International Psoriasis Council

Advancing Knowledge. Improving Care.

Advancing Knowledge. Improving Care.

Commentary: An Oral Interleukin-23-Receptor Antagonist Peptide for Plaque Psoriasis

Lluís Puig, MD, PhD

Hospital de la Santa Creu i Sant Pau

Barcelona, Spain

IPC Board Member

Bio

PUBLICATIONS

An Oral Interleukin-23-Receptor Antagonist Peptide for Plaque Psoriasis. Bissonnette R, Pinter A, Ferris L, et al. N Engl J Med. 2024 Feb 8;390(6):510-521. doi: 10.1056/NEJMoa2308713.

Why this article was chosen

The amazing progress in psoriasis treatment since the introduction of biological agents epitomizes the therapeutic achievements of translational medicine.

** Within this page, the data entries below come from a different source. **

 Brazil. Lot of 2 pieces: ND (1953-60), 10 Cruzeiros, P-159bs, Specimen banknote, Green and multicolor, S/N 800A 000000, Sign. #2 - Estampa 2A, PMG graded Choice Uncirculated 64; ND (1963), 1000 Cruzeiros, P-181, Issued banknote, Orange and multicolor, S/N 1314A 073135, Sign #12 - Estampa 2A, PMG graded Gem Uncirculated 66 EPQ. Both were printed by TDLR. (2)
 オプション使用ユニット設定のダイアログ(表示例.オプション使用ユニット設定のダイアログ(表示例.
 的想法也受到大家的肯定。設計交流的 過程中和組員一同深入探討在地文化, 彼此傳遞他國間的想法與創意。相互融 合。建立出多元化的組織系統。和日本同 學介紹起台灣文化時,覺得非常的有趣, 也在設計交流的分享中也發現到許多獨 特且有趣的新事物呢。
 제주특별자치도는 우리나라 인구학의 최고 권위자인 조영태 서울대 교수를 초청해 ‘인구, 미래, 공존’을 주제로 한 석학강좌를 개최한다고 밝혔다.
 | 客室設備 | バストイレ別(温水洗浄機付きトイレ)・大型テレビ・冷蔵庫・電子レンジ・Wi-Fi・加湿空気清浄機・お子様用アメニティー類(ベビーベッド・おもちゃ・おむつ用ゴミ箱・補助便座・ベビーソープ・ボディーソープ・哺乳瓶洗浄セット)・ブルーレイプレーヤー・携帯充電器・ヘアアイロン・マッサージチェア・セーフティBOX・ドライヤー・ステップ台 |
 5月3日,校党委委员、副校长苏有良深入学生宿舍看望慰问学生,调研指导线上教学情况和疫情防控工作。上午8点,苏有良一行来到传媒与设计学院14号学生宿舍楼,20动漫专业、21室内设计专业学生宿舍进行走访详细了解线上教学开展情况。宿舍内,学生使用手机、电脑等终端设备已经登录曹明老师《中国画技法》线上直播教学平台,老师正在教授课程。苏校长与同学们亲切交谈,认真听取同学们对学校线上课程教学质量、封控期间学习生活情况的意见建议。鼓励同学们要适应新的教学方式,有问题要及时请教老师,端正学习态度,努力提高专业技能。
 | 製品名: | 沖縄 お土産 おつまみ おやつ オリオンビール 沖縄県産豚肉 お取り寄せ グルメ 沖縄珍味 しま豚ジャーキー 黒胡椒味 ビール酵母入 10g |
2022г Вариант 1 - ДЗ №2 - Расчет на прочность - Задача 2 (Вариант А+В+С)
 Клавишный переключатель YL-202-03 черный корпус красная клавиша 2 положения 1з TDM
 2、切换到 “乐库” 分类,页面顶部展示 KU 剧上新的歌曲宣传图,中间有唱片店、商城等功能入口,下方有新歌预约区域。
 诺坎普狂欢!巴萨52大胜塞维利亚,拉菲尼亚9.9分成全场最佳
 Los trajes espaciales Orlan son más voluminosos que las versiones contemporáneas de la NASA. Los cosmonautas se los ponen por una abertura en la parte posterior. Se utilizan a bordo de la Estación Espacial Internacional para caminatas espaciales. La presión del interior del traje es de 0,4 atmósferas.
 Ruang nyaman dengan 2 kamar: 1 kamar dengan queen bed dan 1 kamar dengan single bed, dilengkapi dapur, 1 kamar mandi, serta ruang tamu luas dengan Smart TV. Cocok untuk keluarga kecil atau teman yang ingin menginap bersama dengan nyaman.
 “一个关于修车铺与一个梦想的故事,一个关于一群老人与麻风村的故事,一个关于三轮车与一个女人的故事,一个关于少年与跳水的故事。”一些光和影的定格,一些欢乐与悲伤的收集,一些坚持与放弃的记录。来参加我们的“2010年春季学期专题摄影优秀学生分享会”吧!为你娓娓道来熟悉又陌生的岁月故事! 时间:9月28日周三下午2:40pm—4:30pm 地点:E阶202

According to a recently published Bayesian network meta-analysis, the short-term (12-16 weeks) psoriasis area and severity index (PASI) 90 response rate estimates for the most recently introduced (and most efficacious) biologics range between 69% and 84%, and complete clearance (PASI100) can be expected to be achieved by 36% to 59% of patients.1  This starkly contrasts with the best performer (and most recently available) of the oral agents, deucravacitinib, for which the corresponding estimated response rates are 29% and 11%, respectively.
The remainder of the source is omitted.